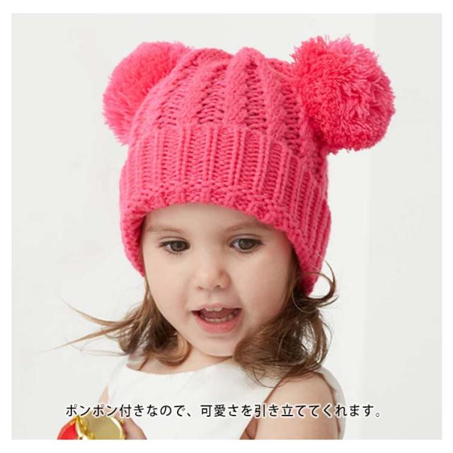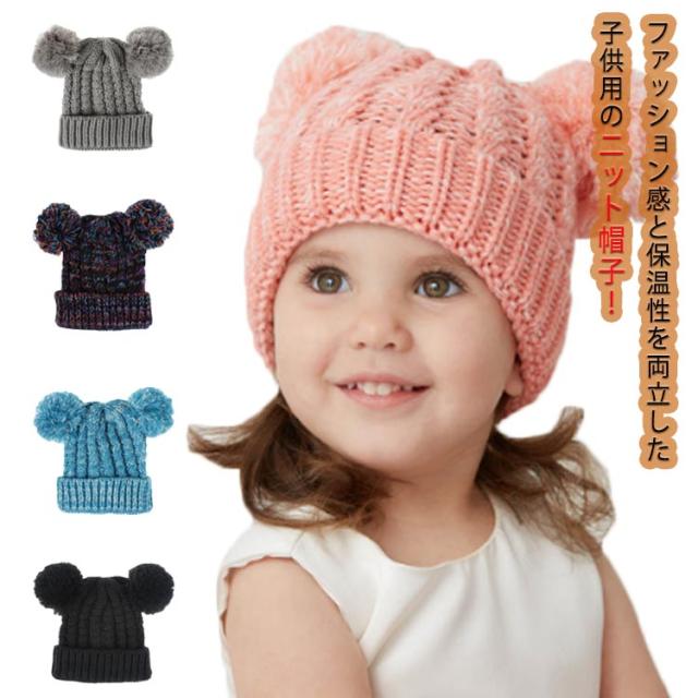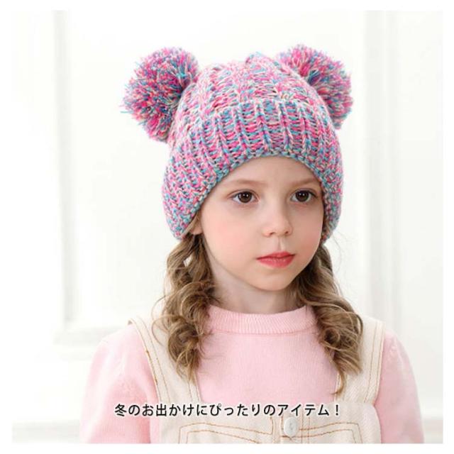 ニット帽 キッズ 子供帽子 女の子 女児 子供用 防寒 寒さ対策 帽子 秋冬 ボンボン付き 可愛い あったか おしゃれ 幼稚園 保育園 プレゼント クリスマス 通学 通園 送料無料
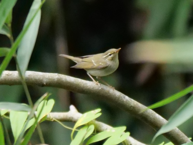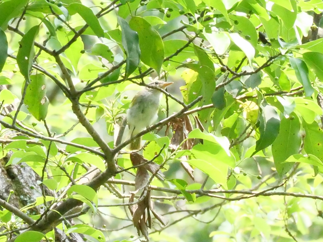 くろんど園地への上りの遊歩道は涼しく、オオルリ・キビタキ・ウグイス・ソウシチョウの声が入れ替わりに切れ目なし、ヤブサメも近くで鳴き、姿も見えた。園地に入って(姿は見えなかったが)ホトトギスの声が何回も、メジロ・エナガを中心とする混群に会うことができ、センダイムシクイの幼鳥を見た人もあった。
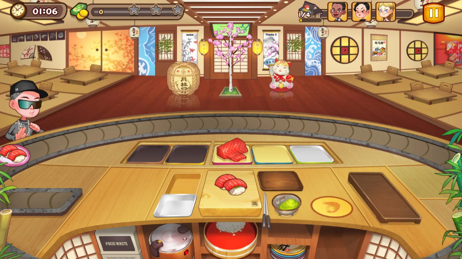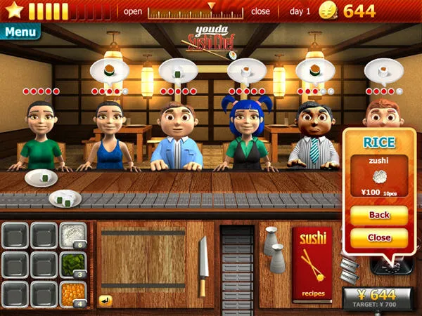 3、玩法丰富多样:模拟真实餐饮经营各环节,有数十种不同顾客,超 50 种特色寿司配方,还有根据节日季节的活动和限定食材。
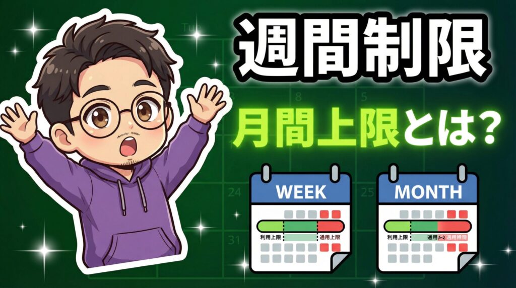 週間制限は、セッション開始から7日後にリセットされます。「制限がかかったけど急ぎの作業がある」という場合は、5時間待つのが基本的な対処法です。
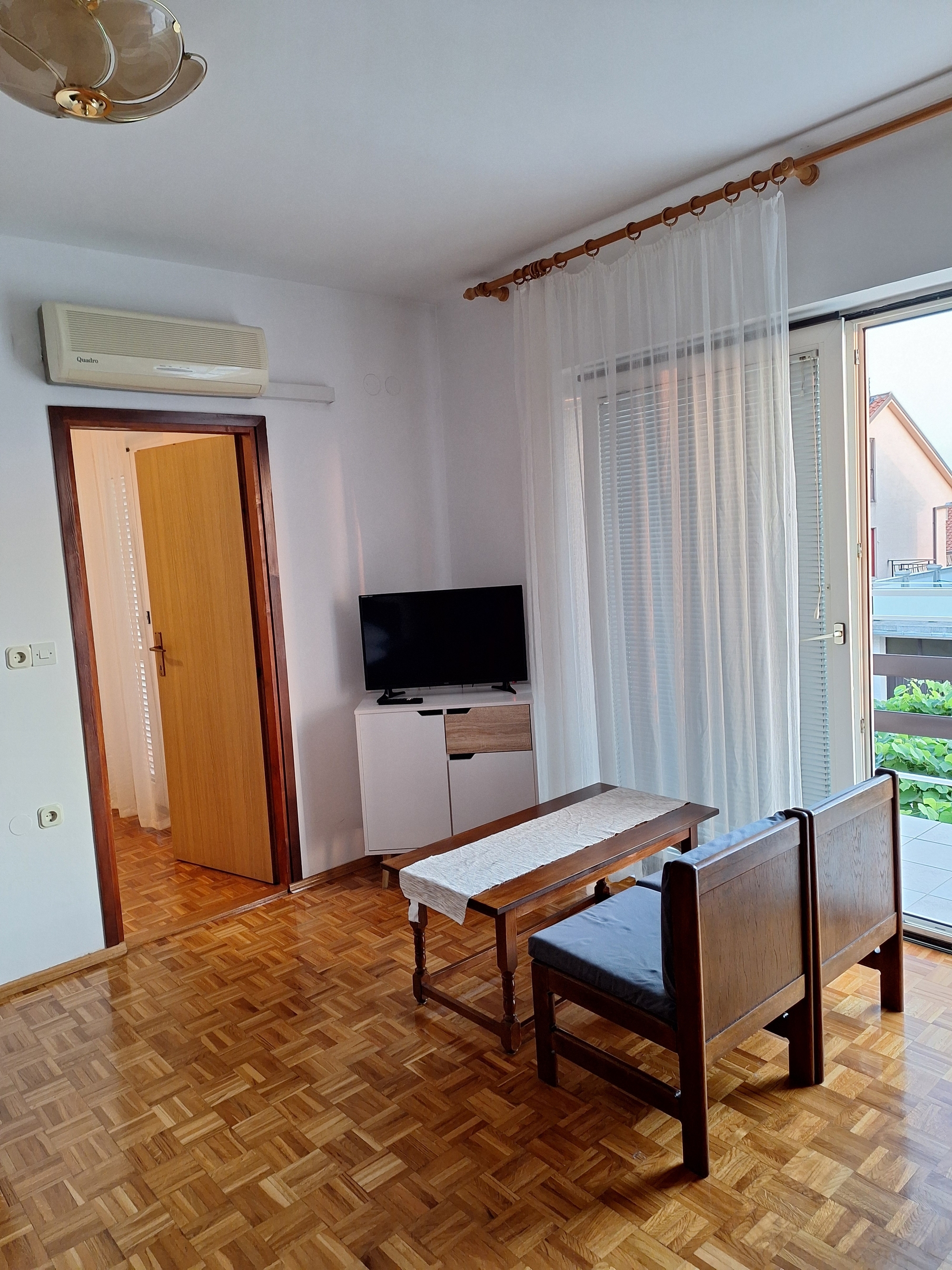 Apartament może przyjąć 4 gości. Łóżka znajdują się w sypialniach, których jest 1, oraz w pokoju dziennym, na powierzchni 38m2. Goście mają dostęp do tarasu, by korzystać z ciepłych, letnich wieczorów. Z apartamentu roztacza się widok na morze. Możliwość przygotowywania posiłków poprzez korzystanie ze wspólnego grilla. W kwaterze dozwolony jest pobyt zwierzęcia domowego, za dopłatą. WLICZONE W CENĘ: taksa pobytowa, sprzątanie końcowe, klimatyzacja, parking, internet, łóżeczko dziecięce, żelazko, deska do prasowania, suszarka do włosów. OBOWIĄZKOWE KOSZTY DODATKOWE: dopłata za krótki termin (procent dopłaty w zalezności od liczby noclegów: 30% - 1, 20% - 2, 10% - 3). NIEOBOWIĄZKOWE KOSZTY DODATKOWE: centralne ogrzewanie (10,00 € za nocleg), zwierzęta domowe (10,00 € za nocleg). Dostępność dodatkowych usług w rezerwowanym terminie oraz ich cenę (jeśli nie jest podana) należy sprawdzić wcześniej. Za dodatowe usługi, które nie zostały uwzględnione w kalkulacji ceny, płaci się bezpośrednio właścicielowi obiektu, pod warunkiem śe gość korzysta z tych usług. Zniżki od ceny podstawowej: bezpłatny dzień 14=13 (przy pobycie, trwającym co najmniej 14 dni, otrzymujecie jeden bezpłatny dzień na pobyt do 31.12.2026).
::::::
THE PROBLEM — Print all the material above exactly, and drop the images.

OUTPUT OF THE EXERCISE —
 ニット帽 キッズ 子供帽子 女の子 女児 子供用 防寒 寒さ対策 帽子 秋冬 ボンボン付き 可愛い あったか おしゃれ 幼稚園 保育園 プレゼント クリスマス 通学 通園 送料無料
 くろんど園地への上りの遊歩道は涼しく、オオルリ・キビタキ・ウグイス・ソウシチョウの声が入れ替わりに切れ目なし、ヤブサメも近くで鳴き、姿も見えた。園地に入って(姿は見えなかったが)ホトトギスの声が何回も、メジロ・エナガを中心とする混群に会うことができ、センダイムシクイの幼鳥を見た人もあった。
 3、玩法丰富多样:模拟真实餐饮经营各环节,有数十种不同顾客,超 50 种特色寿司配方,还有根据节日季节的活动和限定食材。
 週間制限は、セッション開始から7日後にリセットされます。「制限がかかったけど急ぎの作業がある」という場合は、5時間待つのが基本的な対処法です。
 Apartament może przyjąć 4 gości. Łóżka znajdują się w sypialniach, których jest 1, oraz w pokoju dziennym, na powierzchni 38m2. Goście mają dostęp do tarasu, by korzystać z ciepłych, letnich wieczorów. Z apartamentu roztacza się widok na morze. Możliwość przygotowywania posiłków poprzez korzystanie ze wspólnego grilla. W kwaterze dozwolony jest pobyt zwierzęcia domowego, za dopłatą. WLICZONE W CENĘ: taksa pobytowa, sprzątanie końcowe, klimatyzacja, parking, internet, łóżeczko dziecięce, żelazko, deska do prasowania, suszarka do włosów. OBOWIĄZKOWE KOSZTY DODATKOWE: dopłata za krótki termin (procent dopłaty w zalezności od liczby noclegów: 30% - 1, 20% - 2, 10% - 3). NIEOBOWIĄZKOWE KOSZTY DODATKOWE: centralne ogrzewanie (10,00 € za nocleg), zwierzęta domowe (10,00 € za nocleg). Dostępność dodatkowych usług w rezerwowanym terminie oraz ich cenę (jeśli nie jest podana) należy sprawdzić wcześniej. Za dodatowe usługi, które nie zostały uwzględnione w kalkulacji ceny, płaci się bezpośrednio właścicielowi obiektu, pod warunkiem śe gość korzysta z tych usług. Zniżki od ceny podstawowej: bezpłatny dzień 14=13 (przy pobycie, trwającym co najmniej 14 dni, otrzymujecie jeden bezpłatny dzień na pobyt do 31.12.2026).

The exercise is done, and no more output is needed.